Le soir où l’OL s’était senti floué
Le 15 septembre 2025, l’actualité lyonnaise était en ébullition. Revenus de Rennes avec une défaite 1-3, les Gones ne digéraient ni le score, ni les décisions arbitrales. Au cœur de la polémique, une semelle dangereuse d’Anthony Rouault sur Khalis Merah, passée sous le radar de l’arbitre Buquet et non signalée par la VAR, Stéphanie Frappart. L’OL, alors mené par Corentin Tolisso, avait ouvert la marque avant de s’écrouler à dix contre onze après l’expulsion de Tyler Morton, jugée sévère. Le lendemain, la commission arbitrale avait officiellement reconnu l’erreur : Rouault aurait dû être expulsé. Sans changer le résultat, ce verdict avait conforté le sentiment d’injustice des supporters, persuadés que la rencontre avait basculé sur une faute de jugement. La colère grondait dans le Rhône, alimentée par des regrets sur la gestion du match et sur l’incapacité du club à inverser la tendance dans les moments chauds.
Un an après, l’OL s’est-il vraiment apaisé ?

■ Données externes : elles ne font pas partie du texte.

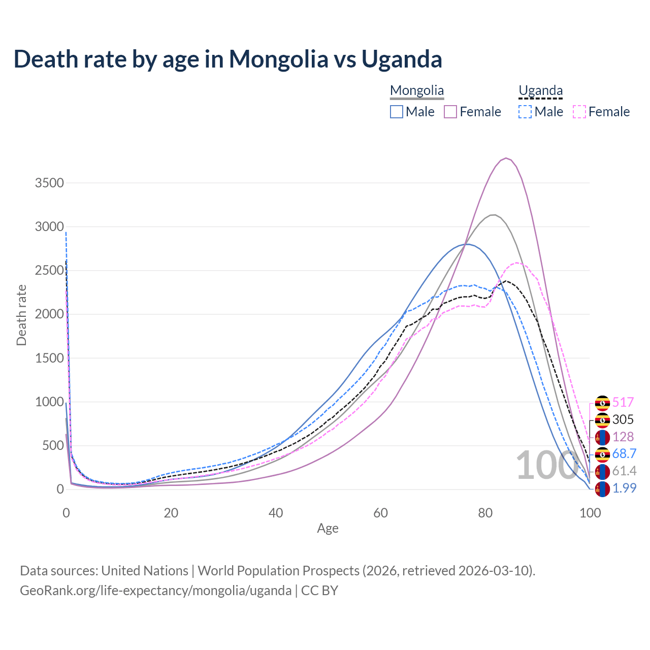 In Mongolia, the most common age of death is 82, compared to 0 in Uganda. The median age of death is 76 in Mongolia and 73.3 in Uganda, meaning only half of each cohort is expected to live past that age.
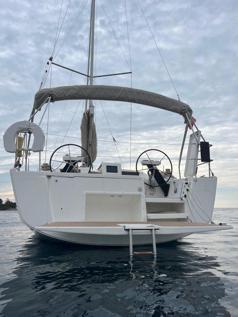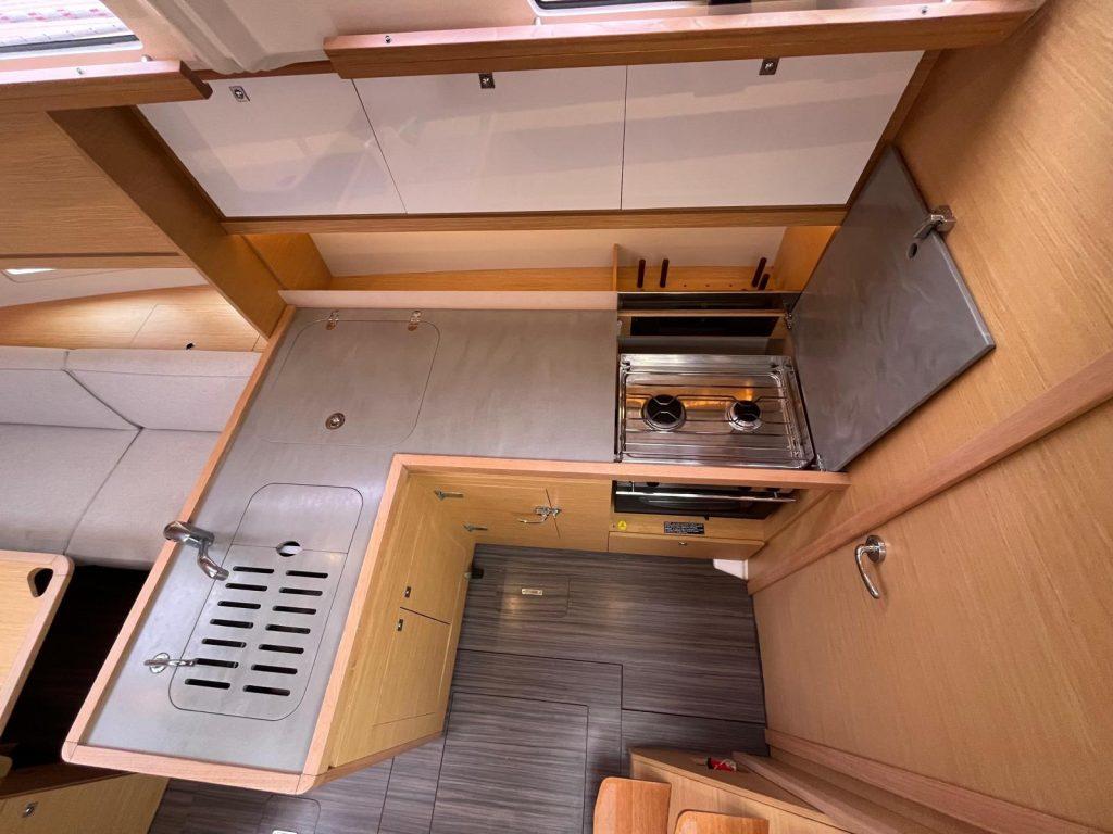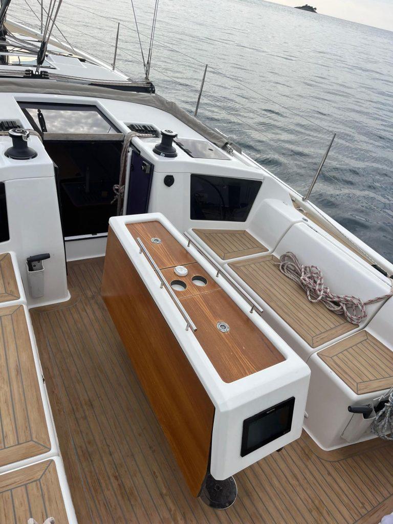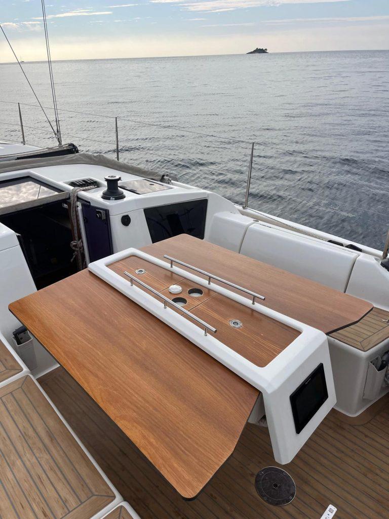 Ponte in teak sintetico, doccia pozzetto calda e fredda, randa steccata su carrelli, rotaia fiocco autovirante, genoa 108 %, sistema scotta randa alla tedesca, 4 winch di cui uno elettrico, Code 0 su delfiniera, spray hood, bimini, barbecue con lavandinoo in pozzetto.

Douze mois plus tard, l’atmosphère a changé. L’OL ne vibre plus autour d’un scandale arbitral, mais autour d’un projet stable et d’un collectif qui a retrouvé des couleurs. Sous la houlette de Paulo Fonseca, le club affiche des ambitions européennes malgré la récente frustration de l’élimination en Ligue des champions. Les Gones restent invaincus en Ligue 1 et s’apprêtent à lancer leur campagne de Ligue Europa avec un groupe renforcé, où la cohésion semble primer. Les débats ne portent plus sur les erreurs des arbitres ni sur un sentiment de malchance, mais sur l’efficacité offensive ou la gestion de l’effectif, preuve d’un club tourné vers l’avenir. Bien sûr, la partition n’est pas parfaite : le récent 0-0 à Paris a souligné les progrès à faire devant le but. Mais l’OL n’est plus dans la plainte, il avance. La page des polémiques arbitrales, qui avait tant secoué Décines il y a un an, paraît aujourd’hui tournée au profit d’une dynamique de travail et de résultats. Un contraste qui en dit long sur la maturité retrouvée du vestiaire lyonnais. Reste à voir si, face à Rennes ou ailleurs, les soirs de frustration appartiendront vraiment au passé…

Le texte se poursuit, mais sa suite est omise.